US retailers tempering import plans

US retailers tempering import plans

Port of Los Angeles.

“There have been record high levels of imports over the past several months, primarily due to raised inventories ahead of expected tariff increases,” said Ben Hackett, founder of Hackett Associates. (Above: The Port of Los Angeles.) Photo credit: Shutterstock.com.

Having imported spring merchandise earlier than usual because of tariff fears, retailers will back off slightly in their import demands this month and next, and imports in the first half of 2019 will be lower than normal, according to the National Retail Federation (NRF).

“With the holiday season behind us, the immediate pressure to stock up on merchandise has passed, but retailers remain concerned about tariffs and their impact on the nation’s economy,” Jonathan Gold, the NRF’s vice president for supply chain and customs policy, stated in this month’s Global Port Tracker published by the NRF and Hackett Associates.

The Global Port Tracker, which projects imports six months out, says imports in January are projected to total 1.75 million TEU, down from an estimated 1.79 million TEU in December and down 0.9 percent from January 2018. February imports are forecast at 1.67 million TEU, down 0.9 percent from February 2017. March imports are projected to drop to 1.55 million TEU and will be lower than in February 2019 but up 0.6 percent from March 2018. April imports will increase to 1.69 million TEU, up 3.7 percent year over year.
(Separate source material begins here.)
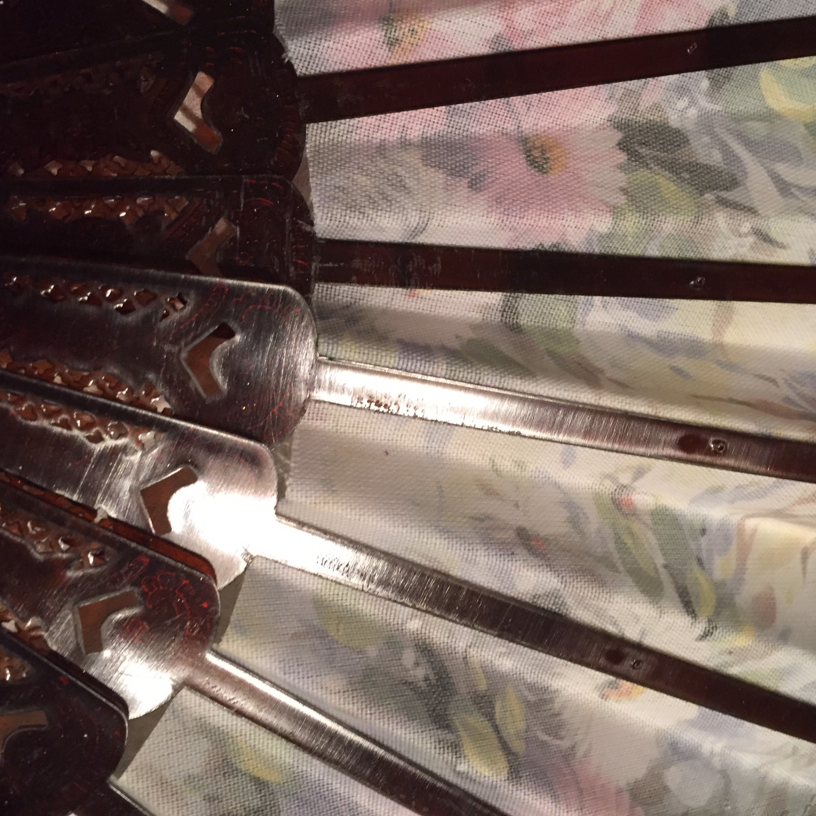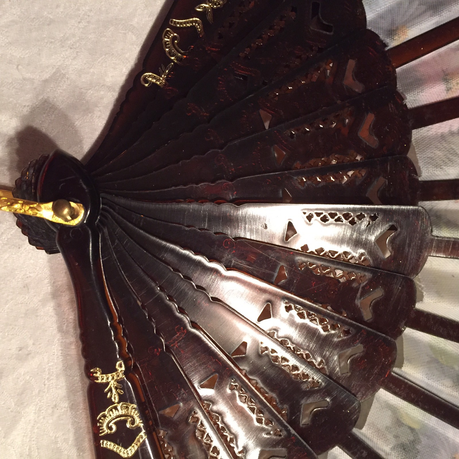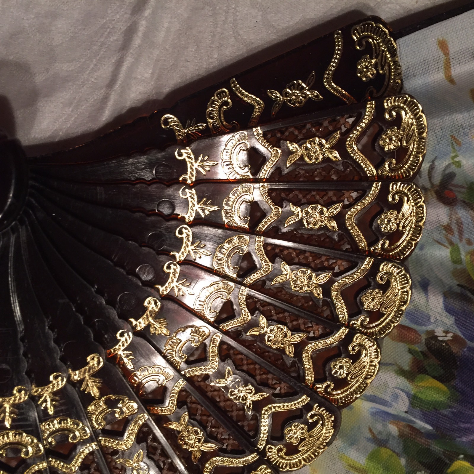 как выглядит Vtg Folding 9" Fan Faux Tortoise Frame Flower Detail Signed W/gold Accent фото

May imports are projected to increase to 1.8 million TEU but will be down 1.3 percent from May 2018, according to the Global Port Tracker.

Imports in calendar year 2018 were projected to total 21.6 million TEU, an increase of 5.3 percent from 2017, which was a record year. Therefore, the projected slower start in the first half of 2019 indicates that a sizable amount of spring merchandise was front-loaded in 2018.

2018 imports projection

Import movements in February and March naturally vary from year to year based on the Lunar New Year celebrations when factories in Asia close for a week or two. The holiday this year falls on Feb. 5. However, retailers’ importing strategy is marked by uncertainty because of Trump administration tariffs affecting more than $200 million of imports from China. The 10 percent tariffs last autumn resulted in an early peak season for the holidays, with imports surging in July. The administration’s threat to raise the tariffs to 25 percent on Jan. 1 produced a front-loading of spring merchandise, but the agreement to postpone the tariffs until March 1 relieved some pressure on retailers to continue the front-loading. Negotiations between the United States and China are under way this week.

“There have been record high levels of imports over the past several months, primarily due to raised inventories ahead of expected tariff increases,” said Ben Hackett, founder of Hackett Associates.

The melding of peak-season imports with spring merchandise has resulted in elevated spot rates in the eastbound Pacific since summer. The Freightos Baltic Index published on Tuesday stated that the spot rate from China to the West Coast jumped 16 percent this week to $2,003 per FEU, and the East Coast rate increased 13 percent to $3,137 per FEU. The spot rates could increase further in the coming weeks if negotiators are not able to end the trade war soon.”If the tariffs go back on, prices will go up again,” Freightos stated. The West Coast spot rates this week are 37 percent higher than in Week Two of 2018, and the East Coast rate is up 32 percent.